By Jonny Lupsha, Wondrium Staff Writer
When our Sun dies, it will flame-broil our planet and become a white dwarf. Most planets orbiting white dwarfs are so destroyed by their stars’ deaths that they only exist as space debris. An intact planet orbiting a white dwarf has just been discovered.

Some 6,500 light years away, an intact planet roughly the size of Jupiter has been discovered orbiting a dead star classified as a “white dwarf.” In most circumstances, the death of a star results in an enormous physical and chemical reaction that causes its innermost orbiting planets to be incinerated and blown to bits. Such a fate awaits Earth in 5 billion years or so.
But what about planets further away from the star in question? For example, what would happen to Jupiter and Saturn in such an event? Scientists may have just found the answer in a planet known as MOA-2010-BLG-477Lb, which survived its star’s death and remains intact after such solar devastation. Study of the planet will likely continue for years to better predict the posthumous existence of the outer planets of our own solar system.
What are white dwarfs? In his video series Introduction to Astrophysics, Dr. Joshua N. Winn, Professor of Astrophysical Sciences at Princeton University, explained their existence.
After Stars
“White dwarfs are not fusing hydrogen,” Dr. Winn said. “They’re not fusing anything—there’s no internal power source. They’re held up against the force of gravity by Heisenberg’s uncertainty principle. I kid you not—the electrons in a white dwarf do not collapse into a black hole for the same reason that electrons in atoms do not occupy the same orbits around the nucleus.”
According to Dr. Winn, a white dwarf is a giant, planet-sized atom that has as much mass as a star.
In ordinary stars, the thing that prevents a gravitational collapse is gas pressure. The higher temperature and density toward the center of a star lead to increasing pressure with depth, and the resulting outward force opposes gravity’s inward pull, which allows the star to reach a sort of balance in terms of forces.
“When a star runs out of nuclear fuel, the radiated energy isn’t being replenished anymore, so the pressure drops,” Dr.
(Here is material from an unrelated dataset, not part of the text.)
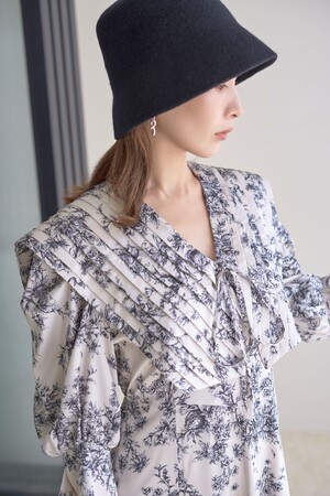 たっぷりのギャザーを効かせたネックデザインが印象的な、クラシカルムード漂うドレス。

Winn said. “When the core is compressed to a high enough density, quantum theory becomes relevant. The star comes up against the Pauli exclusion principle: No two electrons can occupy the same exact quantum state—the same position, energy, and angular momentum.”
In a white dwarf, the Pauli exclusion principle creates a pressure that pushes the electrons apart and keeps gravity at bay. So where do white dwarfs come from?
After a period of about 10 billion years, a star like the Sun has converted its core entirely into helium. Fusion stops, gas pressure plummets, and the core contracts, which makes the star’s density rise unless it causes the core to heat up.
“This is a remarkable and seemingly paradoxical property of all stars,” Dr. Winn said. “When they lose energy, their cores heat up. Eventually, the core gets dense and hot enough to ignite helium fusion.”
Through a series of unstable nuclear reactions, the outside of the star swells and it becomes a giant. The outer layers become unbound from the core and expand throughout the universe, while the exposed core eventually becomes an inert ball of carbon and oxygen.
“That’s a white dwarf,” stated Dr. winn.